The UIP500hd ultrasonic processor from Hielscher Ultrasonics is an industrial-grade device designed for the small-scale processing of liquids.
It can also be used for process development in bench-top scale before scale-up.
The UIP500hd operates at an ultrasonic frequency of 20kHz; ultrasonic waves at this frequency create an intense cavitation in liquids.
The cavitational effects can be used for manifold applications, such as emulsifying, dispersing, homogenising, cell disruption and extraction, de-agglomeration and degassing.
The UIP500hd can be used with a variety of accessories, including sonotrodes, boosters and flow cells.
For processing batches larger than 5 litres, the company generally recommends that the user sonicates using a flow cell reactor (flow mode) to achieve a higher processing consistency.
When used for the sonication of liquids in flow mode, the UIP500hd can typically process between 0.25 and 2.0 litres per minute, but the actual rate will depend on the application.
As with all of Hielscher's devices, the UIP500hd can be operated 24 hours per day, seven days a week.
Therefore, this setup could process approximately 0.5m to 3m per day.
For higher production throughput, the company recommends using one of its more powerful industrial devices, such as the UIP1000hd, the UIP1500hd, the UIP2000hd, the UIP4000, the UIP10000 or the UIP16000.
The design of the UIP500hd is said to meet industrial requirements.
The IP65-grade transducer housing is resistant to splash water and dusty environments.
According to Hielscher, this is made possible thanks to the excellent energy efficiency in the conversion of electrical energy into mechanical vibrations.
As the energy loss, which can cause a heat-up in the transducer housing, is very low, no forced cooling such as compressed air or water is needed.
This means that more energy is transmitted into the liquid, resulting in a better sonication.
The overall energy efficiency of the sonication devices is approximately 80-90 per cent from the power plug into the liquid.
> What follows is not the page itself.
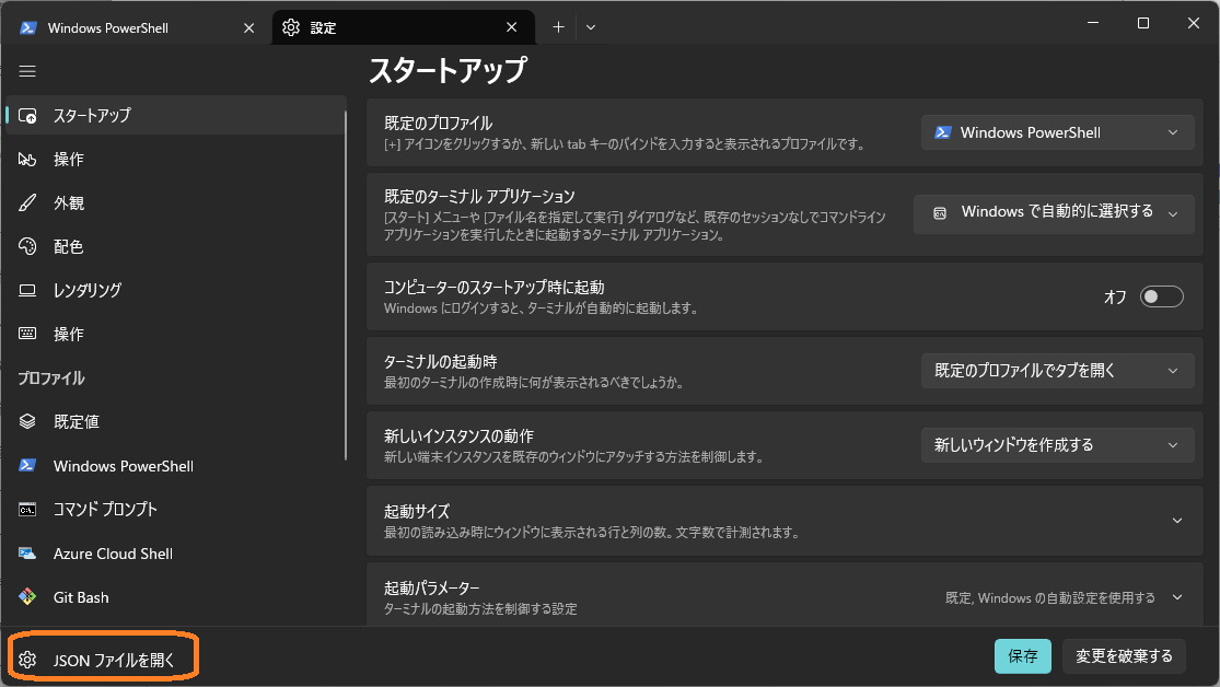 JSONファイルを開く(settings.json)

The transducer itself does not couple heat into the liquid via its horn or the sonotrode.
It only couples ultrasonic vibrations (mechanical energy).
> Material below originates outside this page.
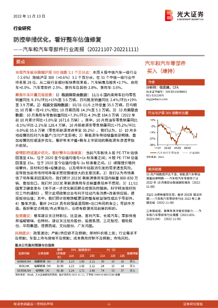 光大证券:汽车和汽车零部件行业周报:防控举措优化,看好整车估值修复.pdf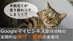 ノウハウ半数近くが書き換わってしまう!?Googleマイビジネス登録情報の定期的な保守・更新の重要性 Googleマイビジネスでは住所やカテゴリなどさまざまなビジネス情報が一般ユーザー(ローカルガイド)やGoogleによって意図しない情報に書き換えられてしまうことがあります。 12,300アカウントを調査を行った結果からわかった、ビジネス情報の更新・保守の重要性についてご説明します。2020年10月28日2020年10月30日ノウハウ

However, the liquid will heat up as a result of the mechanical energy that is put into it.
As the sonotrode is immersed into the liquid, it will approach its ambient (liquid) temperature.
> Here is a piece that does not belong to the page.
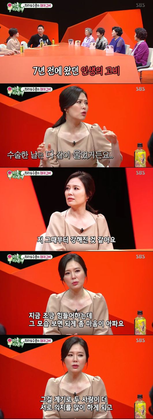 무엇보다 하희라는 7년 전 큰 사고를 당했던 최수종을 언급 "처음엔 대소변도 받아, 나중엔 천천히 움직였다"면서 "난생처음 본 아파하는 남편의 모습, 수술한 날 다같이 울었다"며 회상했다. 하희라는 "대장부라고 하지 않았냐, 그때부터 강해졌다, 언제까지나 남편에게 보호받는게 아니라 언젠간 남편을 보호해줘야 할때 생각했다"면서 "스스로 강해지려고 노력했다"며 아무도 모르게 마음고생했던 과거를 전해 먹먹하게 했다.

The transducer and the generator are connected by a 3m connection cable.
The transducer can be installed in demanding environments that involve dirt, dust and moisture, while the generator can be placed remotely in another area.
The optional PC control may be helpful if a test record is necessary or to optimise processes.
The UIP500hd can be operated at 500W continuously.
As with all of the company's devices, the UIP500hd is amplitude controlled.
This means that the magnitude of the mechanical ultrasonic vibrations (amplitude) at the front surface of the sonotrode or the horn will be constant under all load conditions.
The amplitude can be changed electronically from 50 per cent to 100 per cent at the front panel of the generator, but it can also be changed mechanically using booster horns.
Once set, the amplitude will be constant in air, as in water, oil, polymer, dispersions or emulsions, at any pressure.
For this reason, the UIP500hd can be safely operated in air, such as for spraying and nebulising applications.
This feature also gives the user full control over the most important sonication parameter: amplitude.
The amplitude of power-controlled devices will vary, giving the user neither an indication nor any control over the actual amplitude of sonication.
The power load of the device will vary with the material to be sonicated (viscosity, temperature and so on) and with the intensity of sonication (such as amplitude and pressure).
The maximum power load is 500W.
At all power levels of up to 500W, the UIP500hd can be operated continuously.
The UIP500hd comes with intelligent automatic frequency tuning.
When the device is switched on, the generator will sense the optimal operational frequency of the transducer-booster-sonotrode configuration.
It will then drive the transducer at this frequency.
This is claimed to improve the overall energy efficiency and reliability of Hielscher's ultrasonic devices.
During operation, the optimal working frequency may shift, as a result of sonotrode wear by cavitation pitting or as a result of length changes (such as by temperature variation during sonication), for example.
The automatic frequency tuning senses this shift and will adapt the driving frequency to it.
All the user needs to do is to switch the system on.
The generator will perform the frequency tuning automatically.